Work required: When the line containing "La lectura sociotécnica" appears in the entries below, begin printing there and stop after the line containing "Integratore alimentare a"; print each of those lines exactly and no other line.

Available records:
* * *
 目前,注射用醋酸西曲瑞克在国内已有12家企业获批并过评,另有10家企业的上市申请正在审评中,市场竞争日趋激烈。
* * *
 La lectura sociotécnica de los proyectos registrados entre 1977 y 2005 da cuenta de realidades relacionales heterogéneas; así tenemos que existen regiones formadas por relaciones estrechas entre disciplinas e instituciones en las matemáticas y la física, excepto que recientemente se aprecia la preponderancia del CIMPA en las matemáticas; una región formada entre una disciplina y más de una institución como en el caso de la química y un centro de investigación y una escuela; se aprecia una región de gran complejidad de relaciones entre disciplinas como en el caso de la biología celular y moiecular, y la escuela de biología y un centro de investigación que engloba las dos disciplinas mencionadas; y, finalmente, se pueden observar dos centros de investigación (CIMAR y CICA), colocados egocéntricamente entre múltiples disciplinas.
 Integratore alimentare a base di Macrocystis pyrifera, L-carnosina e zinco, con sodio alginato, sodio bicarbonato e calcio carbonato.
* * *
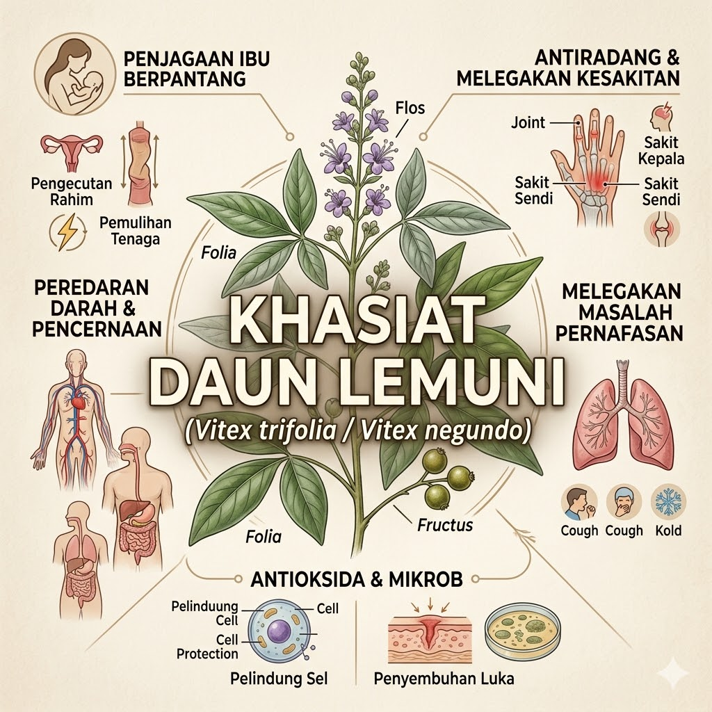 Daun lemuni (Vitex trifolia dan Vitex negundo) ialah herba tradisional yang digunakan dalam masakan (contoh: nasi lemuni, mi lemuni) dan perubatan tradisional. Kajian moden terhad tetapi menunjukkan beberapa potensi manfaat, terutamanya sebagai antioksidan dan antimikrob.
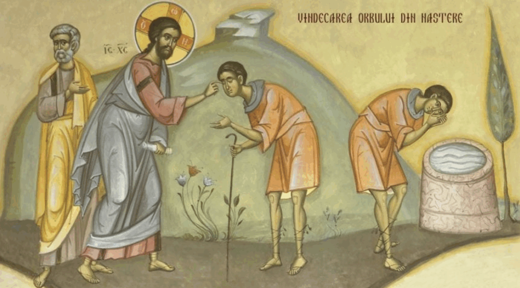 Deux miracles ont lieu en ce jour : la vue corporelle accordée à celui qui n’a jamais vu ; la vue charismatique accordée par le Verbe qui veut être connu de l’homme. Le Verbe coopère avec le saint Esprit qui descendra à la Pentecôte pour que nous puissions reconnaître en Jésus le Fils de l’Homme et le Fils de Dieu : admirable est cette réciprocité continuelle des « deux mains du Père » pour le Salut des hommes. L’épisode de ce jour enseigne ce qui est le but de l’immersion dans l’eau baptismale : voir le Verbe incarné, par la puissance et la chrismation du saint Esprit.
* * *
Result for this exercise:
 La lectura sociotécnica de los proyectos registrados entre 1977 y 2005 da cuenta de realidades relacionales heterogéneas; así tenemos que existen regiones formadas por relaciones estrechas entre disciplinas e instituciones en las matemáticas y la física, excepto que recientemente se aprecia la preponderancia del CIMPA en las matemáticas; una región formada entre una disciplina y más de una institución como en el caso de la química y un centro de investigación y una escuela; se aprecia una región de gran complejidad de relaciones entre disciplinas como en el caso de la biología celular y moiecular, y la escuela de biología y un centro de investigación que engloba las dos disciplinas mencionadas; y, finalmente, se pueden observar dos centros de investigación (CIMAR y CICA), colocados egocéntricamente entre múltiples disciplinas.
 Integratore alimentare a base di Macrocystis pyrifera, L-carnosina e zinco, con sodio alginato, sodio bicarbonato e calcio carbonato.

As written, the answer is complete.